The latest move from the BoC in April was a faster than expected shift in asset purchases cuts. This was backed up again in the July meeting with another $1 billion cut from $3 to $2 billion. However, where the April meeting had a surprise and bullish tilt the July meeting was far more neutral in tone. This allowed the CAD to pull back some of April’s strength.
The last employment data out of Canada saw employment rise by 231,000 (+1.2%) in June, following a cumulative decline of 275,000 over the previous two months. Employment growth was entirely in part-time work and concentrated among youth aged 15 to 24. The unemployment rate was 7.8%, as the total number of unemployed Canadians fell by 61,000 (-3.7%). The number of people in the labour force, either employed or unemployed, increased by 170,000 (+0.8%). The labour force participation rate increased 0.6 percentage points to 65.2%. So, there are good signs of a recovery that is set to continue as COVID_19 restrictions are likely to lift.
Oil is likely to be a drag going forward, but the oil price is likely to at least range even if gains are limited. The latest news from OPEC+ last week that production cuts will be eliminated by 2022 had oil sell off sharply.
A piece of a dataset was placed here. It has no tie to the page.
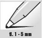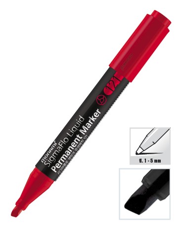 Permanentní popisovač s tekutým inkoustem, má až 3 x delší výdrž než běžný, dobře drží na savých i nesavých površích, seřízlý hrot 1-5 mm, kulaté tělo. Výhodou tekutého inkoustu je - vizuální a sluchová kontrola stavu inkoustu - psací vlastnosti 100% do poslední kapky inkoustu jako např. u kuličkového pera - možnost nepřetržitého psaní v jakékoliv poloze.

However, the $68 region found good support and limited falls. Medium-term oil should still find dip buyers and support the CAD.
CAD is a high beta currency and benefits from the market’s improving risk outlook. As long as the broad vaccine optimism remains then the CAD should be supported on any deeper pullbacks. Against the USD the FOMC meeting tomorrow will be crucial. If the FED maintain their dovish tone then the USDCAD could be primed for a sharp fall. However, any further confirmation of June’s dot plot from the FOMC and the USDCAD could easily motor higher. The AUDCAD pair may be a better option for shorting as Australia struggles with the rising delta variant and low vaccination numbers.